There are currently two most popular types of cameras available:
-the point and shoot cameras for those who prefer simple and automatic.
-the DSLRs (simply SLR in the film days) which are more popular with the photography nuts and the professionals.
I use both but obviously prefer the DSLR for its flexibility. Though today the higher end point and shoot cameras are as sophisticated as the entry-level DSLRs and provide almost all of the functionality.
So what is a DSLR camera. Directly translated, its a digital single lens reflex camera. Meaning, we see a single reflection of the image coming from the lens. Since there is no distortion of the image by multiple reflections, what we see (compose) is very close to what we get.
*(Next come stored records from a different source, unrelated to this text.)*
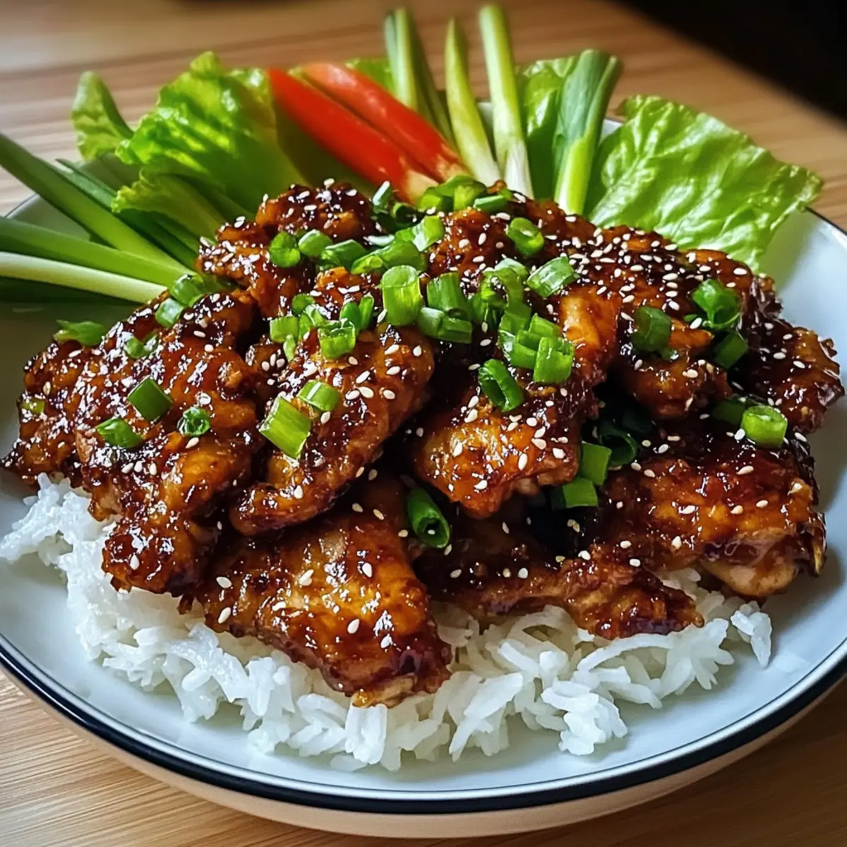 - Serve and Garnish: Serve chicken over rice, garnish with reserved green onions and sesame seeds. Optional: serve with lettuce leaves.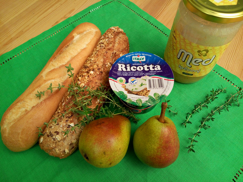 2 střední bagety – ricotta 200 g – 2 hrušky – 2 lžíce medu – čerstvý tymián – pepř, sůl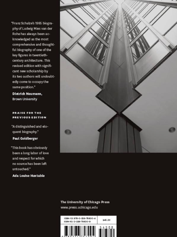 “Franz Schulze’s 1985 biography of Ludwig Mies van der Rohe has always been acknowledged as the most comprehensive and thoughtful biography of one of the key figures in twentieth-century architecture. This revised edition with significant new scholarship by its two authors will undoubtedly come to occupy the same position.”

Simplifying it further, a digital camera is nothing but a box, with :
1. A sensor in digital cameras (film in the older versions). The sensor collects the image and processes it.
2. A shutter in front of the sensor which moves away when we click a picture. Imagine a square sensor and then a tiny gate in front of it which moves up and down.
3. A mirror angled in front of the lens and viewfinder such that the light entering the lens gets reflected on the mirror into the viewfinder. The sole purpose of the mirror is to provide a preview of the picture. When we click a photo, the mirror moves out of the way.
4. Lastly the lens which has an aperture on one end (towards the camera) whose diameter can be adjusted.
The two important controls in the construction, that the user has, which govern the properties of a photo are:
1. the speed with which the shutter moves out of the way and comes back in front of the sensor.
2. the diameter of the aperture of the lens.
So following the path of light in the figure above, light enters through the lens, through the aperture, reflects onto the mirror and can be seen in the viewfinder. Its out of scope to go into lens theory here. So just imagine an object in front of the lens, which the user can see reflected in the mirror.
Once, we click, meaning the shutter is released, the mirror moves up away from the lens, the shutter moves up and light enters from the lens onto the sensor creating an image. Voila!